This guide illustrates how to:
Finetune DistilRoBERTa on the r/askscience subset of the ELI5 dataset.
Use your finetuned model for inference.

# Libraries

In [None]:
pip install transformers datasets evaluate

In [None]:
from datasets import load_dataset
from transformers import AutoTokenizer, DataCollatorForLanguageModeling

# Load Data

In [None]:
# Load a smaller subset of the r/askscience subset of the ELI5 dataset from the 🤗 Datasets library
# Experiment and make sure everything works before spending more time training on the full dataset
eli5 = load_dataset("eli5_category", split="train[:5000]")

# Split the dataset into train and test sets
eli5 = eli5.train_test_split(test_size=0.2)

# Inspect an example
# NB: the output may look like a lot, but we’re only really interested in the text field
# This is an unsupervised task.
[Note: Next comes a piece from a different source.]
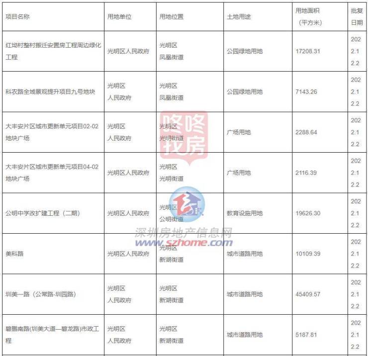 1月9日,光明发布了一批项目用地批复的通告。

Labels not required because the next word is the label.
eli5["train"][0]

# Preprocessing

In [None]:
# load a DistilRoBERTa tokenizer to process the text subfield
tokenizer = AutoTokenizer.from_pretrained("distilroberta-base")

In [None]:
# The text field is actually nested inside answers
# Extract the text subfield from its nested structure with the flatten method
eli5 = eli5.flatten()
eli5["train"][0]

In [None]:
# text field is now a list
# convert the list to a string to jointly tokenize them
def preprocess_function(examples):
    return tokenizer([" ".join(x) for x in examples["answers.text"]])

tokenized_eli5 = eli5.map(
    preprocess_function,
    batched=True,
    num_proc=24,
    remove_columns=eli5["train"].column_names,
)

In [None]:
# Some of these are longer than the maximum input length for the model, which we'll correct below
block_size = 128

def group_texts(examples):
    # Concatenate all texts.
    concatenated_examples = {k: sum(examples[k], []) for k in examples.keys()}
    total_length = len(concatenated_examples[list(examples.keys())[0]])
    # Drop the small remainder; we could add padding if the model supported it instead of this drop
    # customize this part to your needs.
    if total_length >= block_size:
        total_length = (total_length // block_size) * block_size
    # Split by chunks of block_size.
    result = {
        k: [t[i : i + block_size] for i in range(0, total_length, block_size)]
        for k, t in concatenated_examples.items()
    }
    return result 

lm_dataset = tokenized_eli5.map(group_texts, batched=True, num_proc=4)

In [None]:
# Create a batch of examples using DataCollatorForLanguageModeling
# Dynamically pad the sentences to the longest length in a batch during collation
# Use the end-of-sequence token as the padding token
# specify mlm_probability to randomly mask tokens during each iteration over the data
tokenizer.pad_token = tokenizer.eos_token
data_collator = DataCollatorForLanguageModeling(tokenizer=tokenizer, mlm_probability=0.15)